How can I control my cholesterol level?
Cholesterol levels can usually be controlled by eating right, exercising, and not smoking.
Follow these diet guidelines to help control your cholesterol:
• Reduce the amount of cholesterol in your diet. The American Heart Association recommends eating no more than 250 to 300 milligrams (mg) of cholesterol a day.
• Eat less fat. Fats should contribute no more than 30% of your daily calories. Only 10% of the fat you eat should be saturated fat.
Some kinds of fats are better than others. Polyunsaturated and monounsaturated fats are better than saturated fats. Monounsaturated fats are found in olive oil, canola oil, and avocados. Polyunsaturated fats are found in fish and some vegetable oils.
Saturated fat raises your blood cholesterol because it makes it hard for the body to clear the cholesterol away. Saturated fat is found in different amounts in almost all foods. Butter, some oils, meat, and poultry fat contain a lot of saturated fat.
• Adjust the amount of calories you eat and exercise regularly to maintain a lean body weight.
To control the amount of fat and cholesterol you eat:
• Check food labels for fat and cholesterol content.
• Limit the amount of butter and margarine you eat.
• Use sunflower, safflower, soybean, canola, corn, or olive oil rather than tropical oils such as palm or coconut.
• Use salad dressings and margarine made with polyunsaturated and monounsaturated fats.
• Use egg whites or egg substitutes rather than whole eggs.
• Replace whole-milk dairy products with nonfat or low-fat milk, cheese, spreads, and yogurt.
• Eat skinless chicken, turkey, fish, and meatless entrees more often than red meat.

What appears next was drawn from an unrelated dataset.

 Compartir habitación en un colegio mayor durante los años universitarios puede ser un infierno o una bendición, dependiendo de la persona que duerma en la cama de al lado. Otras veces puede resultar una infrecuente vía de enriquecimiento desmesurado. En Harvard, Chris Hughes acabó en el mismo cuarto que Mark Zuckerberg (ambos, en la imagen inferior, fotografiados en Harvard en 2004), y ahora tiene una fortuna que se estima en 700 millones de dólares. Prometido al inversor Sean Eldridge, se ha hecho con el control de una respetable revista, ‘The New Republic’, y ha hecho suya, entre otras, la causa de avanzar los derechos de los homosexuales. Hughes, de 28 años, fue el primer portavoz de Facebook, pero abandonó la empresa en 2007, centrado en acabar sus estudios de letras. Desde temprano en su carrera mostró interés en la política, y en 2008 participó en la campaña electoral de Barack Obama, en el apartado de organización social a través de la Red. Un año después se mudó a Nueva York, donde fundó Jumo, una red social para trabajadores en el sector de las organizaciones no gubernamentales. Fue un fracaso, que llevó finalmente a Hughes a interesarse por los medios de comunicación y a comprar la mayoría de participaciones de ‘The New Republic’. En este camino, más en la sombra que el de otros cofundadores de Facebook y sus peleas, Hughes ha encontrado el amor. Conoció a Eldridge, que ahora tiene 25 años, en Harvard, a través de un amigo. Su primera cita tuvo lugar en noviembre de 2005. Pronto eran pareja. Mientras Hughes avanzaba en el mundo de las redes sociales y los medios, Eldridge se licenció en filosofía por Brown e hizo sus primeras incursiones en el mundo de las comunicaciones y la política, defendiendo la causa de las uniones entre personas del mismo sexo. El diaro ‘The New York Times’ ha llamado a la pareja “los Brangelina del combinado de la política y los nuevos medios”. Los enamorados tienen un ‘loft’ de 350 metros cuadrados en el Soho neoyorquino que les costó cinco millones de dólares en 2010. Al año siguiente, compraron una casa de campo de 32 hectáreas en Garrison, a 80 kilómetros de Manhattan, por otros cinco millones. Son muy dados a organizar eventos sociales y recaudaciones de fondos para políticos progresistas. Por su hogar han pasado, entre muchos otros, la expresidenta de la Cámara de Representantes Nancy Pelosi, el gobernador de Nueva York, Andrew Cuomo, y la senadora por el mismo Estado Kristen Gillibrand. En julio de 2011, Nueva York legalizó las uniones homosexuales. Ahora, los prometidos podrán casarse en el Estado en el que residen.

• Choose lean cuts of meat and trim off all visible fat. Keep portion sizes moderate.
• Avoid fatty desserts such as ice cream, cream-filled cakes, and cheesecakes. Choose fresh fruits, nonfat frozen yogurt, Popsicles, etc.

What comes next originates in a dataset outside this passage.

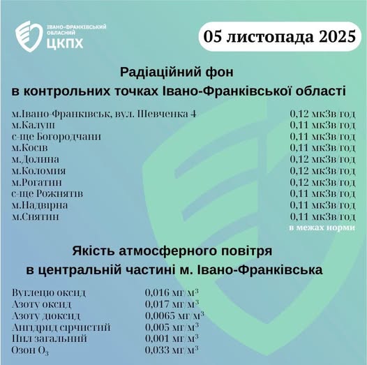 “Інформацію про показники радіаційного фону та стану повітря можете відстежувати на офіційному сайті Івано-Франківського обласного центру контролю та профілактики хвороб за посиланням”, — йдеться в дописі.

• Reduce the amount of fried foods, vending machine food, and fast food you eat.
• Limit the amount of nuts you eat, especially nuts high in saturated fat. Examples of nuts that are especially high in saturated fat are cashews, pistachios, and Brazil and macadamia nuts.

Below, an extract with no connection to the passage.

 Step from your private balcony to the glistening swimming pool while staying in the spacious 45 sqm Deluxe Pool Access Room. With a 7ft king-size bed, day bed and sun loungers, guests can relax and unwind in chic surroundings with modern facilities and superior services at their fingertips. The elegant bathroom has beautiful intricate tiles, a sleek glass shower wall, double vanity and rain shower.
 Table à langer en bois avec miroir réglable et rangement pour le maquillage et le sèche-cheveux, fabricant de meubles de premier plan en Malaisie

• Eat fruits and vegetables (especially fresh fruits and leafy vegetables), beans, and whole grains daily. The fiber in these foods helps lower cholesterol.
• Look for low-fat or nonfat varieties of the foods you like to eat, or look for substitutes.
Exercise goes hand-in-hand with a healthy diet for controlling cholesterol. Exercise helps because it:
• Keeps your weight down.
• Decreases your total cholesterol level.
• Decreases your LDL (bad cholesterol).
• Increases your HDL (good cholesterol).
A good exercise program includes aerobic exercise. Aerobic exercise is any activity that keeps your heart rate up (such as swimming, jogging, walking, and bicycling). You should get 20 to 30 minutes of aerobic exercise at least every other day.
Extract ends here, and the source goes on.